Binan lab
Investigating spatial and temporal mechanisms of gene regulatory networks.
We develop technologies to interrogate gene expression regulation in single cells in their spatial context. We ask how the local environment is responsible for the activation of different genetic pathways and we look for the consequences of these transcriptional events on cellular differentiation and migration.
We use precision gene editing tools such as Cas9 and Cas12 in high throughput screens. We develop imaging tools to collect new data in a spatial context, and the computational tools to analyze these new data types. We develop our methods in the contexts of cancer and neurodegenerative diseases.
Cancer metastasis
Understanding the mechanisms of metastasis initiation with spatial transcriptomics and genetic perturbations.
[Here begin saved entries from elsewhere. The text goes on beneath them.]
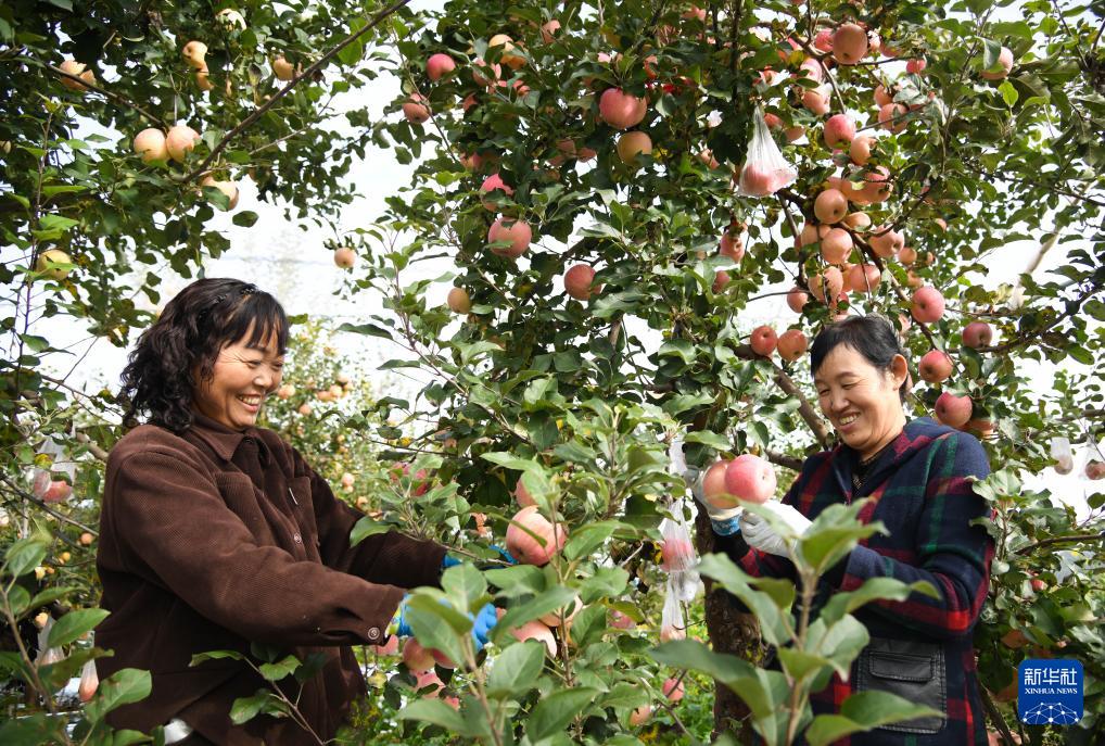 2025年10月17日,果农在延安市宝塔区桥沟街道烟洞沟村采收苹果。新华社记者 张博文 摄
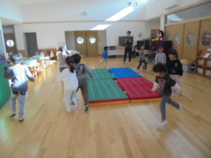 運動遊びがあり、ひまわり組とゆり組が参加しました☆彡
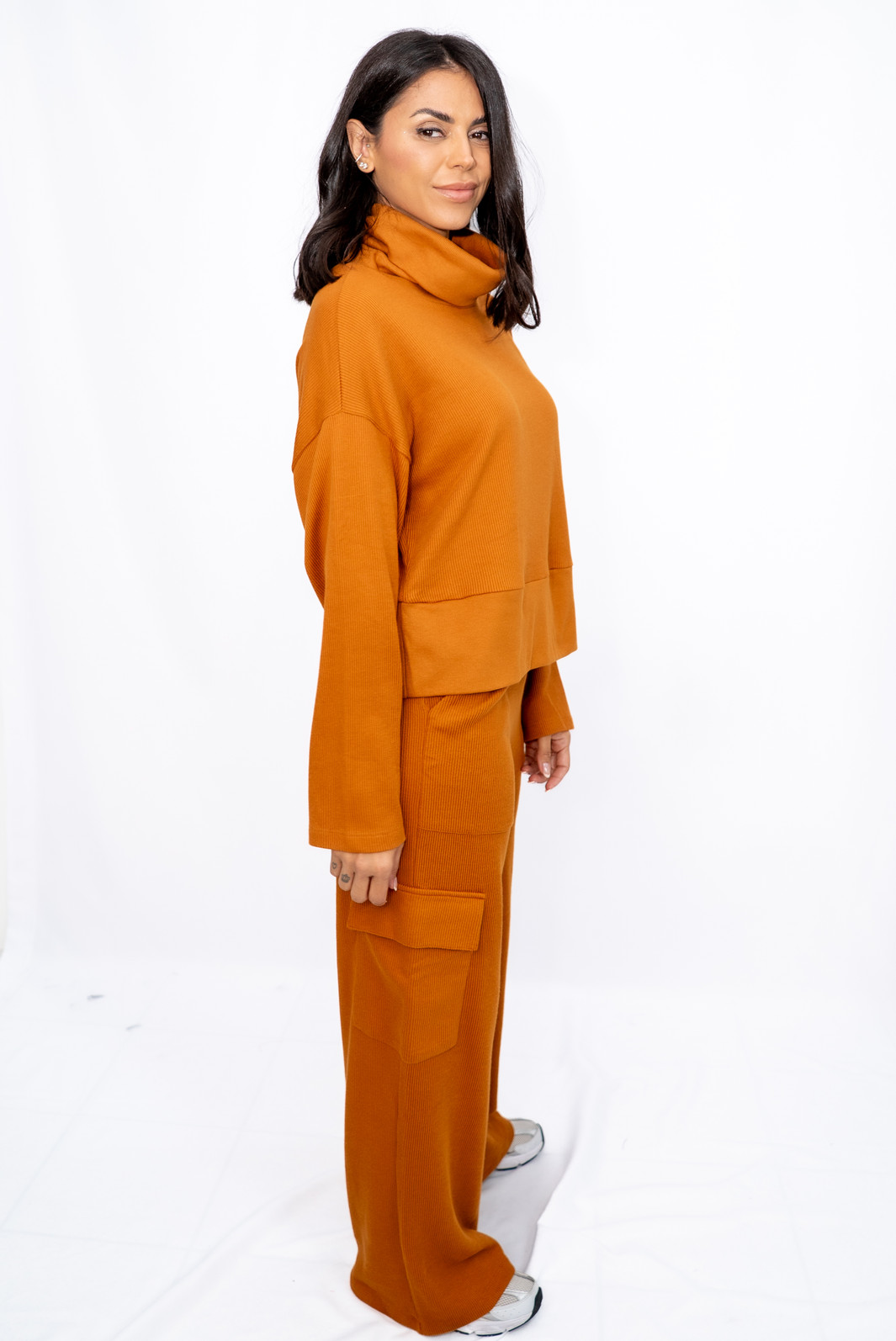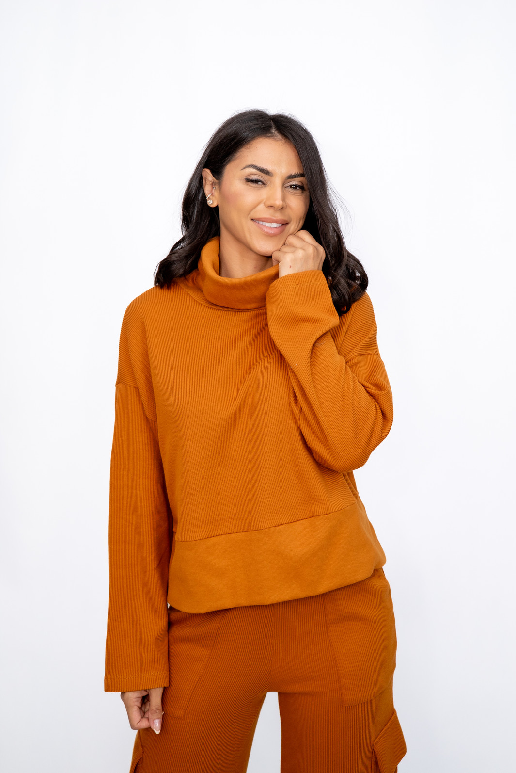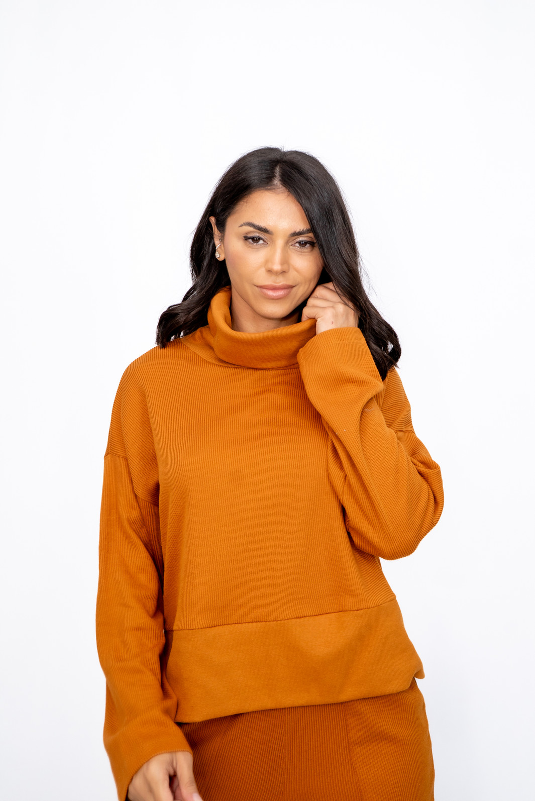 Blusa Malha Canelada Gola Alta Caramelo Ramo Selvagem
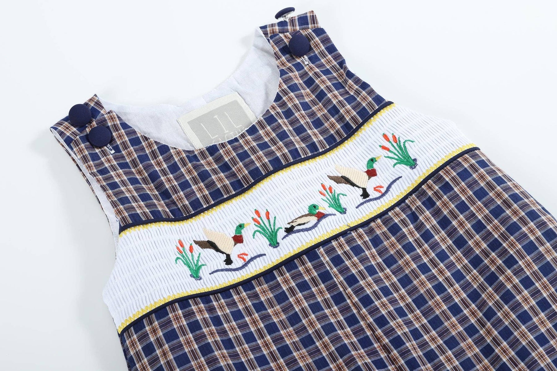 Just ducky! These Lil Cactus blue flannel overalls are made in 100% soft cotton. They feature beautiful duck embroidery, smocking, and snap enclosures for easy changing. The perfect outfit for your little guy and all of your fun adventures. From feeding ducks in the park to playdates with friends; no matter the occasion he will be looking picture-perfect!
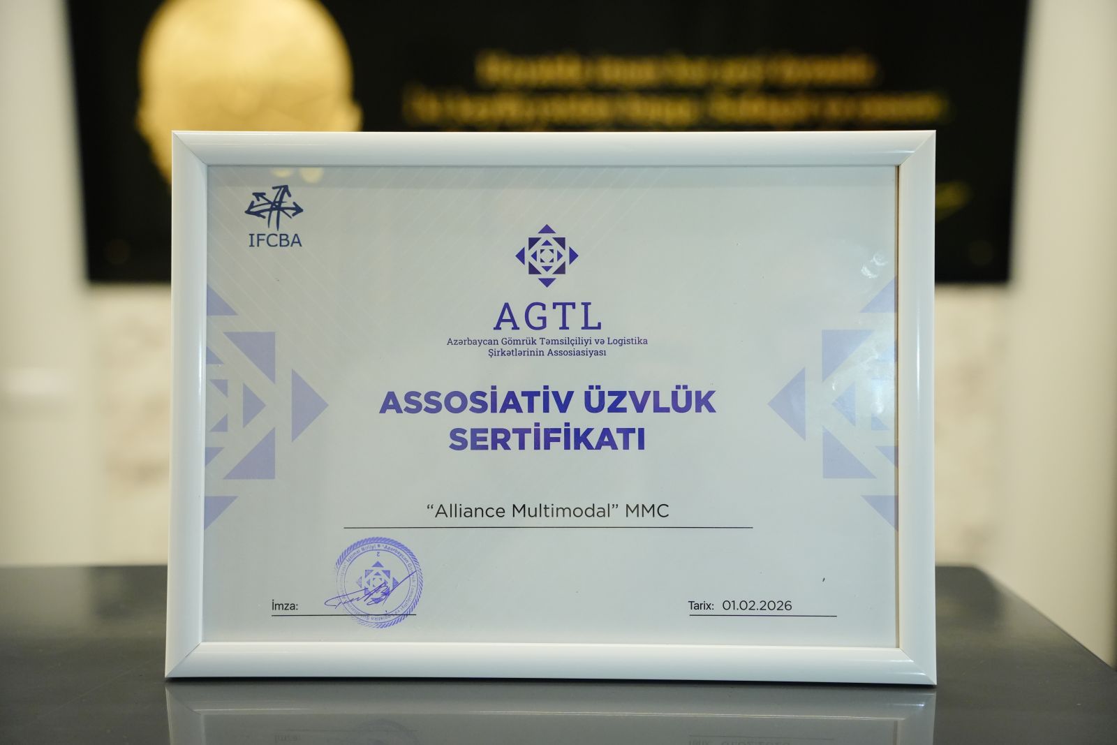 Azərbaycan Gömrük Təmsilçiliyi və Logistika Şirkətlərinin Assosiasiyasının (AGTL) sıraları genişlənməkdə davam edir. Alliance Multimodal MMC Assosiasiyanın üzvlüyünə qəbul edilib.

The majority of cells at the primary site of a tumor have an epithelial phenotypes, but many cells undergo partial, transient transitions to mesenchymal-like phenotypes. While epithelial, tumor cells proliferate fast and are well adhered to their neighbors, but when they become mesenchymal, proliferation slows down and cells start migrating. In this state, they can reach new sites, where they revert to epithelial traits and restart proliferating, forming a metastatic lesion. This process is highly dynamic, and strongly influenced by the microenvironment. We are investigating the genetic mechanisms that allow cells to reversibly transition between epithelial and mesenchymal phenotypes.
Isoforms and non-coding regions
Many genes can be expressed as a variety of isoforms that contain different fragments, or exons, of the sequence of the same gene. Beyond differences in total number of molecules of RNA from a given gene, the function of alternatively spliced genes strongly depends on differences in their sequence. We develop technologies to understand the regulation and effect of alternative splicing in the context of neurodegenerative diseases.
Influence of past cell-cell interactions
Spatial technologies are designed to allow interrogating the influence of cellular neighborhoods on genetic pathways and resulting phenotypes. This analysis is limited to a snapshot of the spatial environment of the sample at the moment it was collected, and the information about past interactions of cells with their environment is lost. We develop tools to investigate how past cell-cell interactions shape present transcriptional activity in cells during development.